- **INFORMATION PROVIDED**
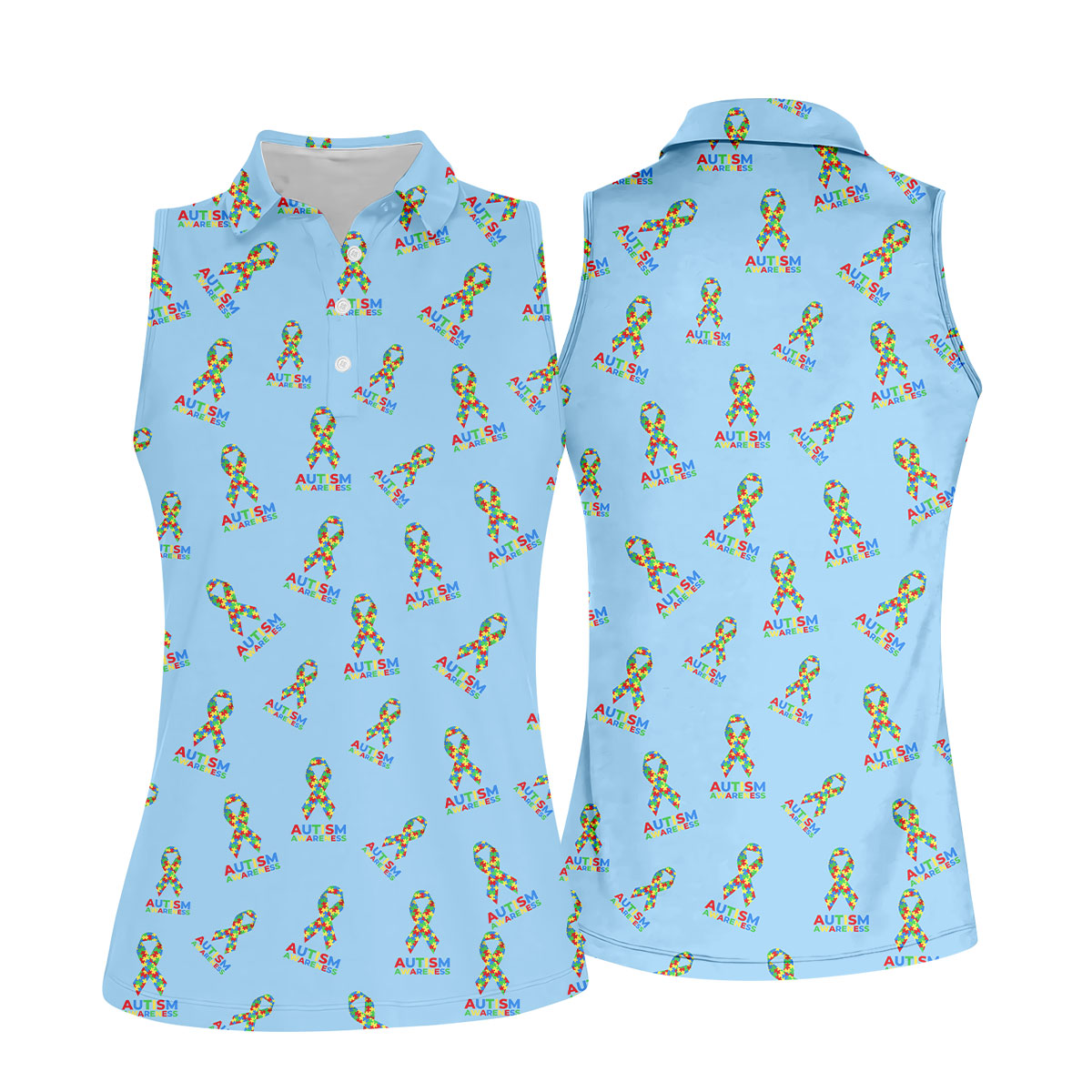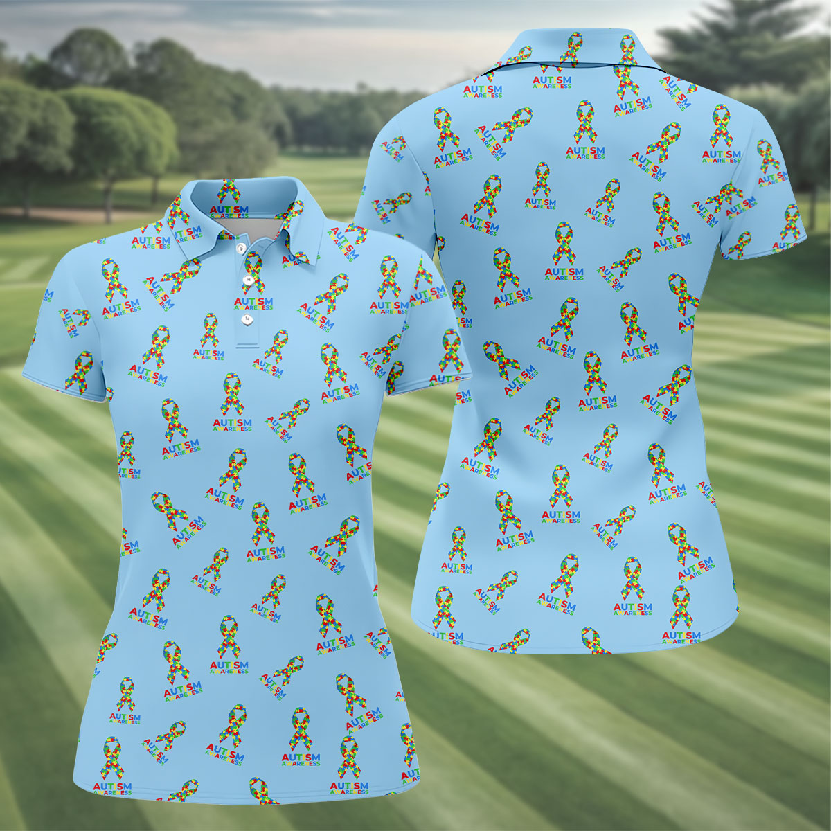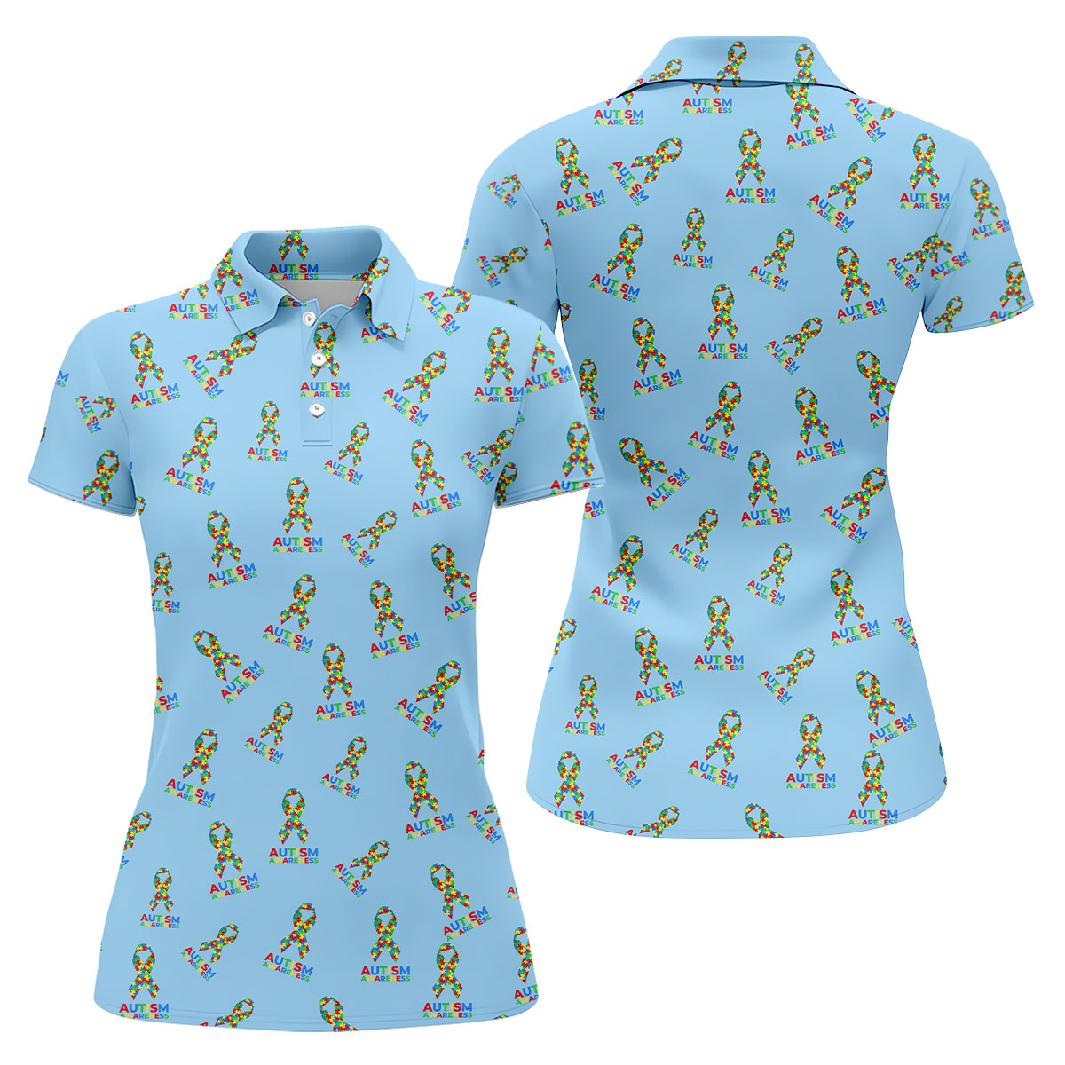 Autism Awareness Colors Autism Ribbon Blue Golf Shirt, Women's Golf Tops, Ladies Golf Polos
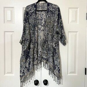 Soft Surroundings Emory Cardi Sequin Fringe Topper Jacket Cardigan L/XL Blue
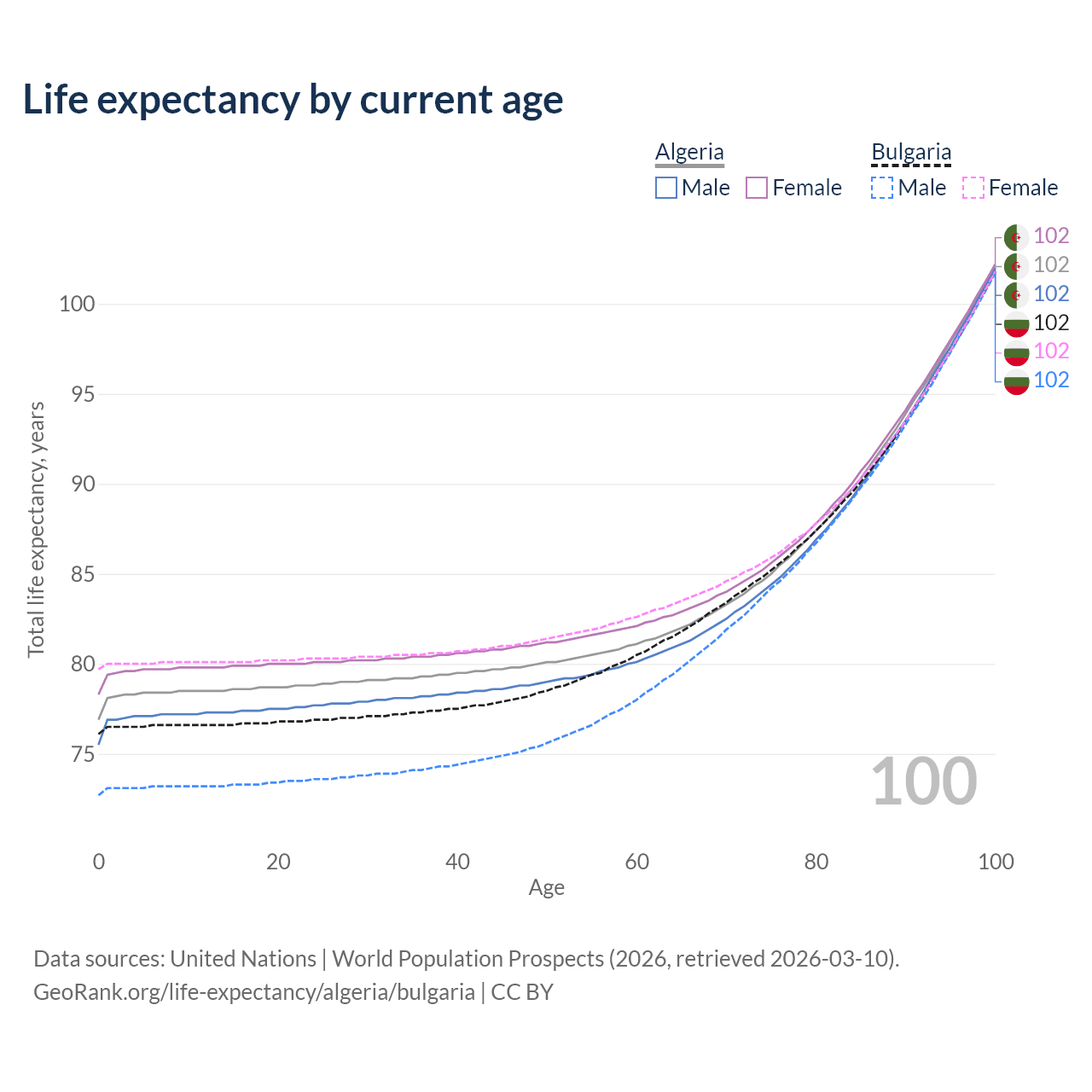 This life expectancy calculator shows the odds of living to 100, 95, 90, and below based on current age for both males and females in Algeria and Bulgaria, along with mean and median age of death. The calculations are based on the 2026 life tables (actuarial tables) from the UN World Population Prospects.

- **WORK INSTRUCTION**
What you write must match, line for line, the lines from the one with "Soft Surroundings Emory" through the last line of the data above, minus the pictures.

- **EXERCISE ANSWER**
 Soft Surroundings Emory Cardi Sequin Fringe Topper Jacket Cardigan L/XL Blue
 This life expectancy calculator shows the odds of living to 100, 95, 90, and below based on current age for both males and females in Algeria and Bulgaria, along with mean and median age of death. The calculations are based on the 2026 life tables (actuarial tables) from the UN World Population Prospects.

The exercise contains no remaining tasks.